From the line holding "- Người mệnh" through the line holding "Ins Calado Sarga" below, write out every line exactly; include both of those lines and drop the pictures.
── Given records ──
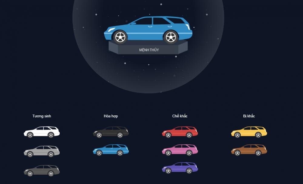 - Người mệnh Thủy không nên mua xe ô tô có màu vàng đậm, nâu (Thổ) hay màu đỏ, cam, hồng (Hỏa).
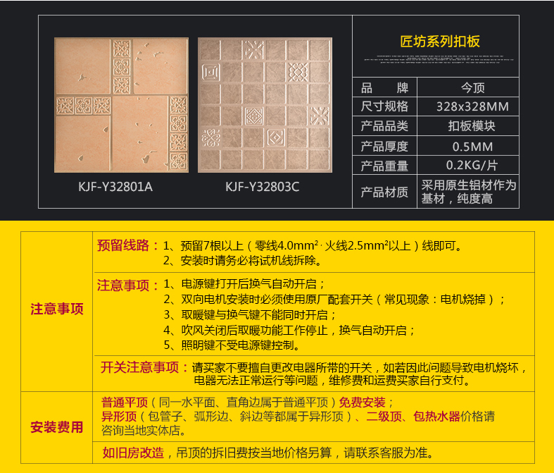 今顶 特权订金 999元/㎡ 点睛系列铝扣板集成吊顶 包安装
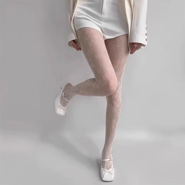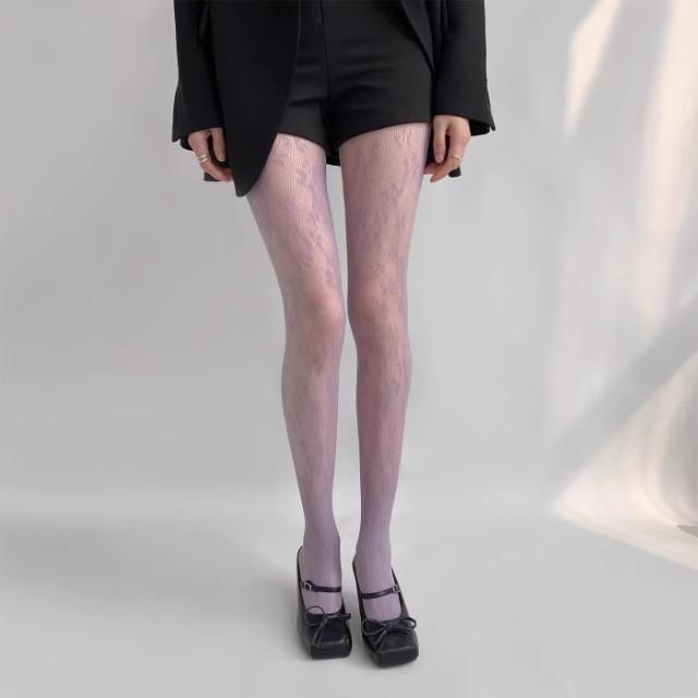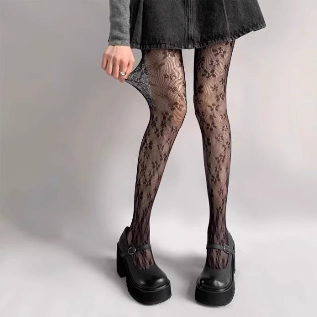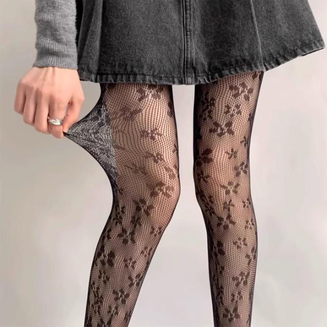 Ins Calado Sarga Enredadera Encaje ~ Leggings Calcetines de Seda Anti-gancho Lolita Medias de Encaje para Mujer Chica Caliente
───
── Given records ──
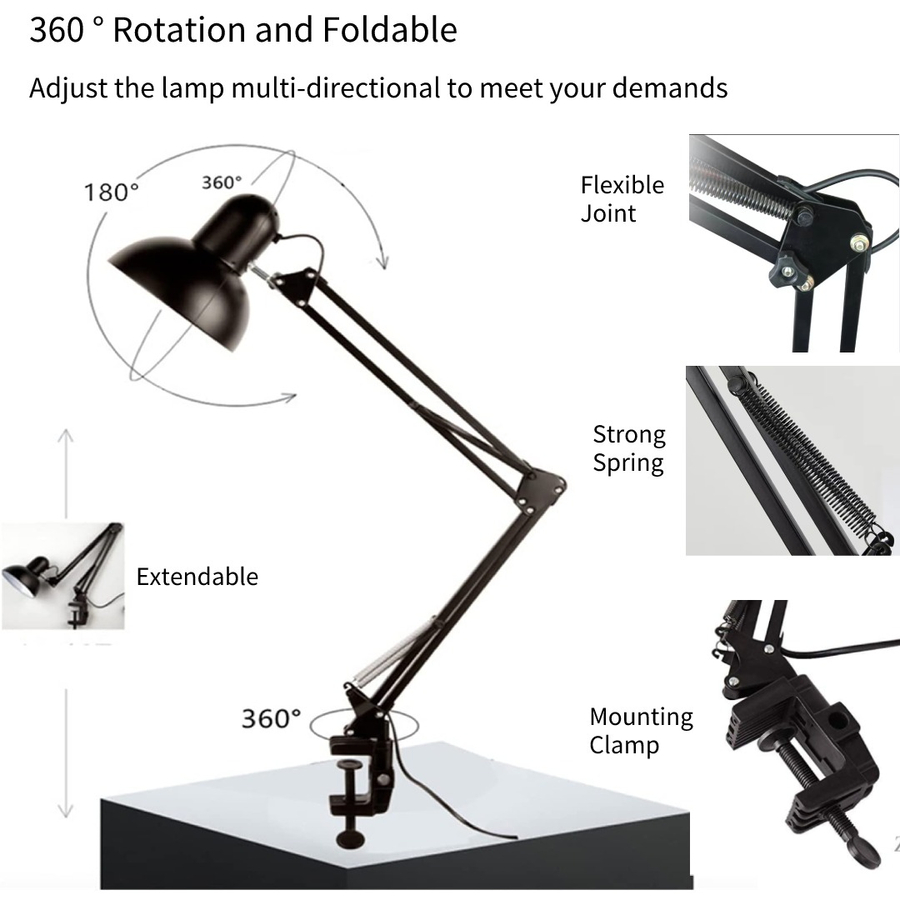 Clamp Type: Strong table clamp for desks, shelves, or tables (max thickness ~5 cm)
───
◆ **Output for this exercise**
 - Người mệnh Thủy không nên mua xe ô tô có màu vàng đậm, nâu (Thổ) hay màu đỏ, cam, hồng (Hỏa).
 今顶 特权订金 999元/㎡ 点睛系列铝扣板集成吊顶 包安装
 Ins Calado Sarga Enredadera Encaje ~ Leggings Calcetines de Seda Anti-gancho Lolita Medias de Encaje para Mujer Chica Caliente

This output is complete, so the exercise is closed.